Stored records:

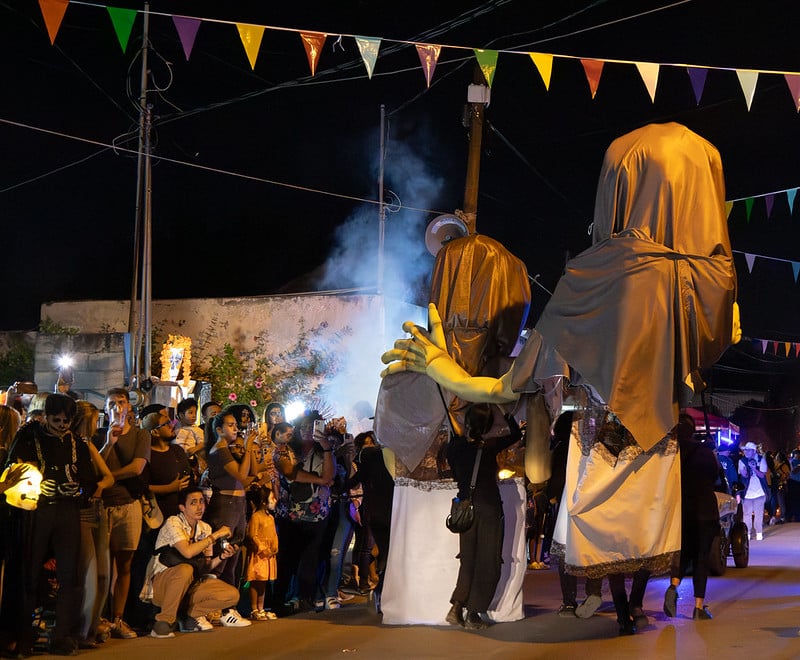 En esta edición, nuevas experiencias transformaron el recorrido en una vivencia única. El Portal del Inframundo, una proyección láser, convirtió la entrada del Cementerio General en un paso simbólico desde el mundo de los muertos, y la pareja de Mojigangas, dos calaveras de cuatro metros de altura que abrieron paso anunciando al público la llegada de las ánimas.
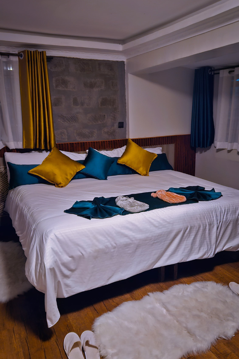 The space, the warm, brushed cotton tailor-made white beddings and duvets, for our extra-large high quality mattress beds.
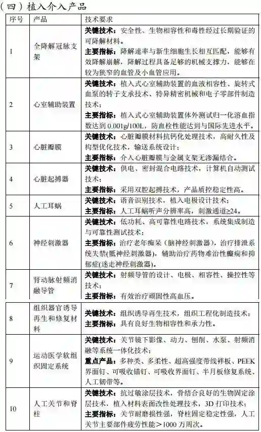 以下几个医疗器械子领域则被纳入了《方案》的扶持计划:
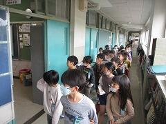 1年生が、集団学校探検を行いました。先日は2年生とペアになり、地図を片手に回りました。今日は、クラスごとに特別教室を中心に回りました。
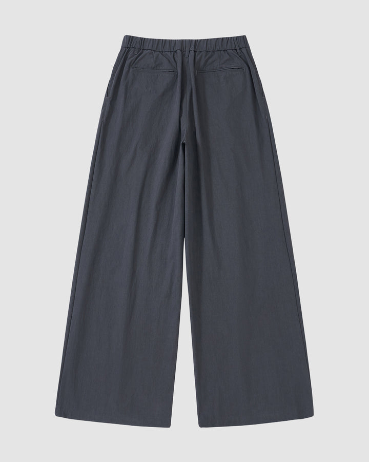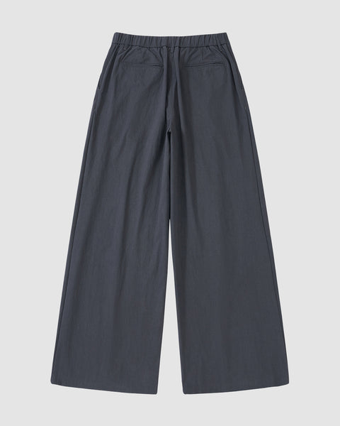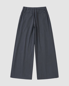The CHARCOAL PLEATED UNIFORM SLACKS by Sundae School feature a wide-leg fit, elastic waistband, and two back pockets, shown laid flat on a light background.
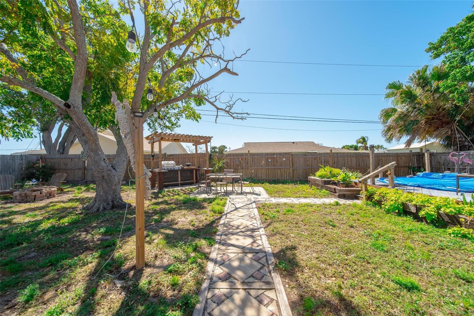 Embrace coastal living in the heart of Venice, FL! This light-filled, 3-bedroom, 2-bath split-plan home invites you in with its bright and breezy charm. Step through the front door into a formal living space that opens to a serene, enclosed courtyard—ideal for morning coffee or evening relaxation. The family room, conveniently located off the kitchen at the back of the home, features built-in shelving and large windows that frame the spacious backyard. Outside, you'll find a semi-inground pool with custom decking and a pergola—a perfect spot for grilling and unwinding. The open kitchen, complete with an island and tile countertops, makes cooking and entertaining a breeze. Nestled in the sought-after Venice Gardens neighborhood, this home provides access to a community park and is just minutes from Venice Beach, Sharky’s Pier, Dog Beach, and the charming shops and restaurants of downtown Venice. Nearby schools include Venice Montessori Preschool, College Matchmaker, and Total Swim Instruction. For your shopping needs, Jacaranda Plaza and Venice Market Place are just a short drive away. Outdoor enthusiasts will appreciate proximity to Skip Stasko Park, Venice Gardens Park, and the Venetian Waterway Island Circus Bridge Trailhead. With a whole-house re-plumb completed and a brand-new A/C installed in 2024, this home combines modern updates with coastal charm. Your perfect Venice retreat awaits!
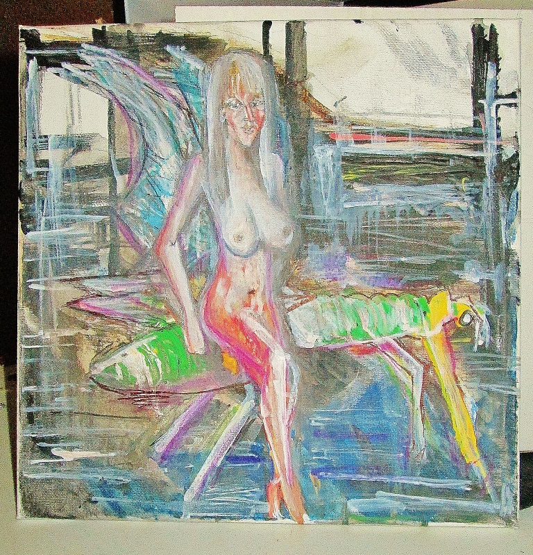 Violet has everywhere to fly to, a painting by Ryan Lowrie onto a 12" x 12" canvas wrapped wooden frame. Mixed media.
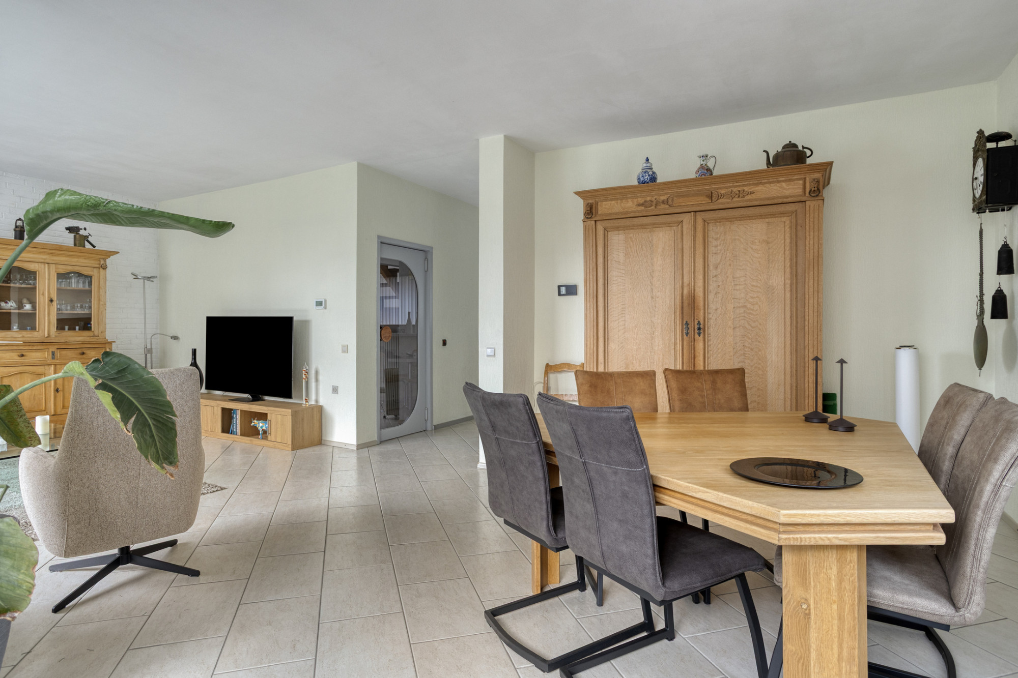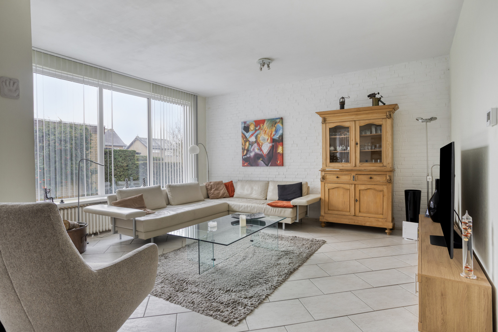 Lichte woonkamer met plavuizenvloer en aan de voorzijde gelegen living/lounge voorzien van audio-/visuele-aansluitingen.
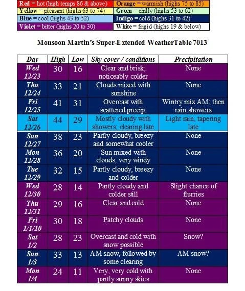 Monsoon's End-of-the-Year Forecast, Featuring WeatherTable 7013
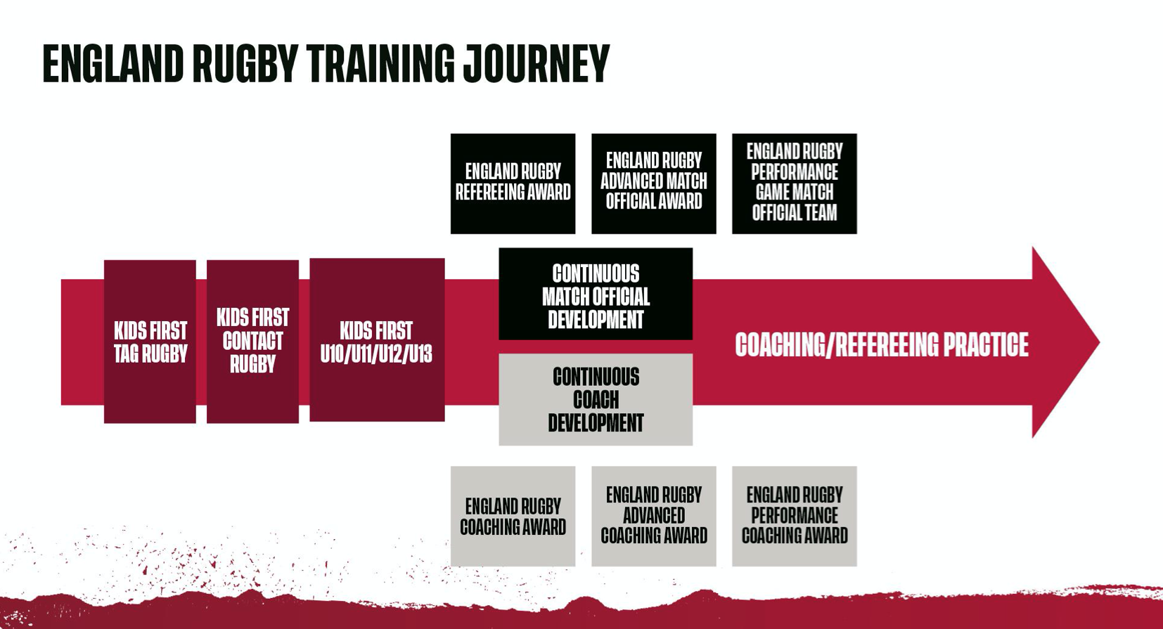 You will see on the graphic below is that we will then be moving towards the England Rugby Coaching Award (ERCA) and England Rugby Refereeing Award (ERRA) for U14s and above.
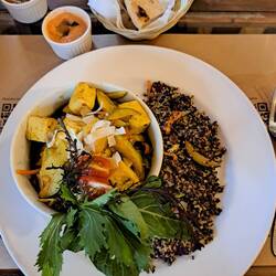 Für das Abendessen haben wir uns eines der besten Restaurants für Meeresfrüchte rausgesucht. Und mein happy-vegan-Face sagt alles, denn mein Tofu Curry mit dreierlei Quinoa war super lecker.
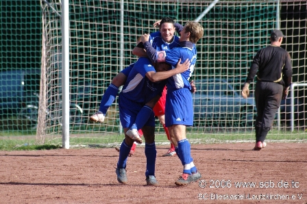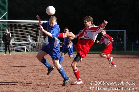 Die gut 100 Zuschauer, die zum Derby den Weg nach Alschbach gefunden hatten, sahen schon in der Anfangsphase des Lokalkampfes ein recht einseitiges Spiel. Der SCB bemühte sich die Partie zu kontrollieren und kam hin und wieder gefährlich vors Gehäuse der Hausherren. Die bis dahin größte Chance hatte Sascha Stephan, dessen Abnahme einer Flanke gut 2m vorm Tor noch in letzter Sekunde vom Alschbacher Verteidiger zum Eckstoß geklärt wurde. SCB-Schlussmann Markus Müller musste in Durchgang eins nur einmal aus brenzliger Situation klären und machte mit einem tollen Reflex die einzige Alschbacher Torchance zu nichte. In der Folgezeit übernahm der SCB immer mehr das Ruder, Alschbach hielt allenfalls kämpferisch dagegen und stemmte sich tapfer gegen den drohende Gegentreffer. Nach 18 Minuten war es dann aber aus SCB-Sicht endlich so weit: Flavio Baier konnte mit einem sehenswerten, gefühlvollen Lupfer über den Alschbacher Schlussmann den hochverdienten Führungstreffer erzielen.
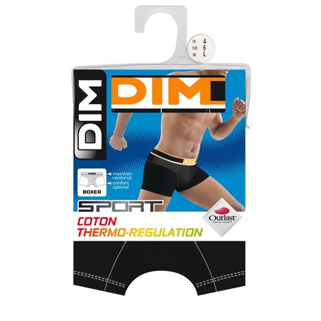 En savoir +Allure sportive et dynamique pour ce boxer homme en coton thermorégulateur Dim Sport. Fibre aérée à l’avant conçue pour libérer la transpiration pendant l’effort. Ce boxer sport procure un excellent maintien et un confort absolu. Ceinture ultra-douce et siglée aux couleurs contrastantes. Coutures résistantes. Doublé devant. Lavable en machine à 40°.

=== About this exercise ===
Every line from the one with "You will see" through the last line of the data must be copied exactly. Leave the pictures out.

=== Result ===
 You will see on the graphic below is that we will then be moving towards the England Rugby Coaching Award (ERCA) and England Rugby Refereeing Award (ERRA) for U14s and above.
 Für das Abendessen haben wir uns eines der besten Restaurants für Meeresfrüchte rausgesucht. Und mein happy-vegan-Face sagt alles, denn mein Tofu Curry mit dreierlei Quinoa war super lecker.
 Die gut 100 Zuschauer, die zum Derby den Weg nach Alschbach gefunden hatten, sahen schon in der Anfangsphase des Lokalkampfes ein recht einseitiges Spiel. Der SCB bemühte sich die Partie zu kontrollieren und kam hin und wieder gefährlich vors Gehäuse der Hausherren. Die bis dahin größte Chance hatte Sascha Stephan, dessen Abnahme einer Flanke gut 2m vorm Tor noch in letzter Sekunde vom Alschbacher Verteidiger zum Eckstoß geklärt wurde. SCB-Schlussmann Markus Müller musste in Durchgang eins nur einmal aus brenzliger Situation klären und machte mit einem tollen Reflex die einzige Alschbacher Torchance zu nichte. In der Folgezeit übernahm der SCB immer mehr das Ruder, Alschbach hielt allenfalls kämpferisch dagegen und stemmte sich tapfer gegen den drohende Gegentreffer. Nach 18 Minuten war es dann aber aus SCB-Sicht endlich so weit: Flavio Baier konnte mit einem sehenswerten, gefühlvollen Lupfer über den Alschbacher Schlussmann den hochverdienten Führungstreffer erzielen.
 En savoir +Allure sportive et dynamique pour ce boxer homme en coton thermorégulateur Dim Sport. Fibre aérée à l’avant conçue pour libérer la transpiration pendant l’effort. Ce boxer sport procure un excellent maintien et un confort absolu. Ceinture ultra-douce et siglée aux couleurs contrastantes. Coutures résistantes. Doublé devant. Lavable en machine à 40°.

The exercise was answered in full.